Morrissey is writing a novel. Will it explain how “meat is murder”? Will it be semi-autobiographical? Will it surpass the quality of Smiths Slash fanfiction
While awaiting answers to these questions, we can pass the time by taking a look at the following books—all of which sprung from the minds of established actors and musicians trying their hands at a different craft. Some of the novels
are masterfully written, while others are just
plain strange. In either case, read on…
A hyperactive polymath of the British Isles, Craig Ferguson penned the novel Between the Bridge and the River in 2006. The novel features a plot bursting at the seams with excess characters and pithy wisdom. Its mechanics are far too obtuse to recount here, but, suffice it to say, the book’s principle pleasure lies in Ferguson’s blithe skewering of both British and American culture.
The 33 1/3 series, which produces book-length analyses of seminal albums, has yet to pitch a straight loser. But even among this impressive society, John Darnielle’s Master of Reality stands in a league of its own. Darnielle, best known as the songwriting dynamo behind Mountain Goats, wrote his analysis of Black Sabbath’s most famous album in the form of a novel. Master of Reality follows the exploits of an institutionalized teenager who finds solace in Sabbath’s music. Compelling both as a narrative and a wholesale demolition of music criticism’s tropes, Master of Reality is well worth a read.

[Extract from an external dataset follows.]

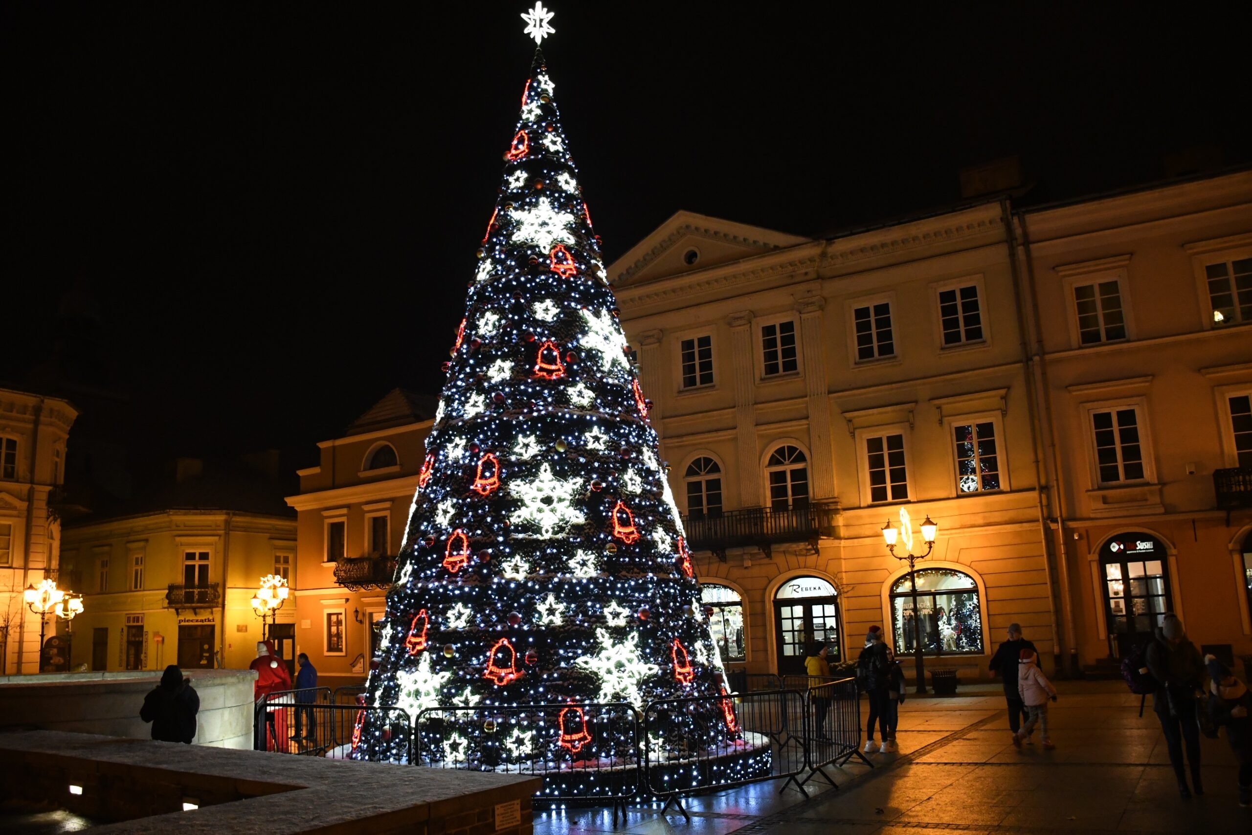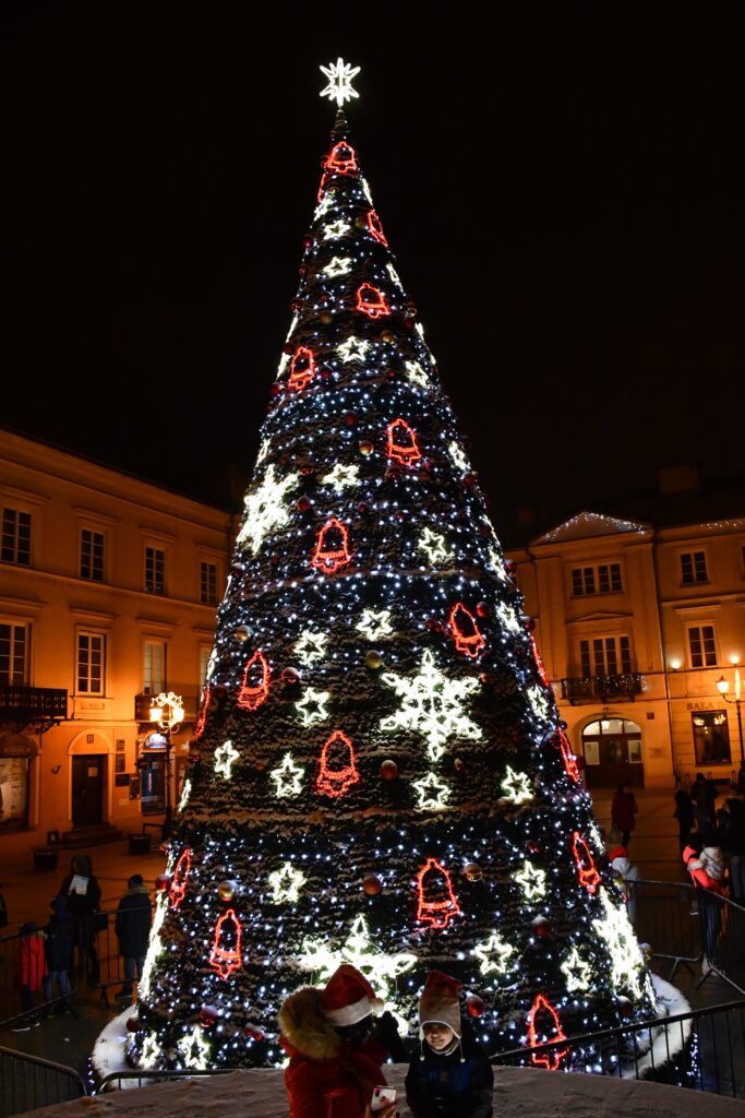 Lampki na miejskiej choince ustawionej w Rynku Trybunalskim już włączone. Uroczystemu rozświetleniu bożonarodzeniowego drzewka towarzyszyło wręczanie upominków dla najmłodszych.

Hugh Laurie possesses a restless talent, yet he services his muse with great patience and yields impressive results. The Gun Seller, Laurie’s first novel, is a comic tale of espionage imparted with a Wodehousian stiff upper lip. Laurie respects the boundaries of his talent, and he has produced a fine tale that easily stands beside his work as an actor.
Frequent partners in crime Hugh Laurie and Stephen Fry have embarked on multiple projects together, and while their literary efforts have taken place in seclusion, there’s still an air of camaraderie to the pair’s successes. Fry, typically an actor and a playwright, has written several comic novels, all of which offer plenty of cause for delight. The Hippopotamus, the most balanced of Fry’s efforts, illuminates the tale of an aged curmudgeon with the sharp wit typical of all things Fry.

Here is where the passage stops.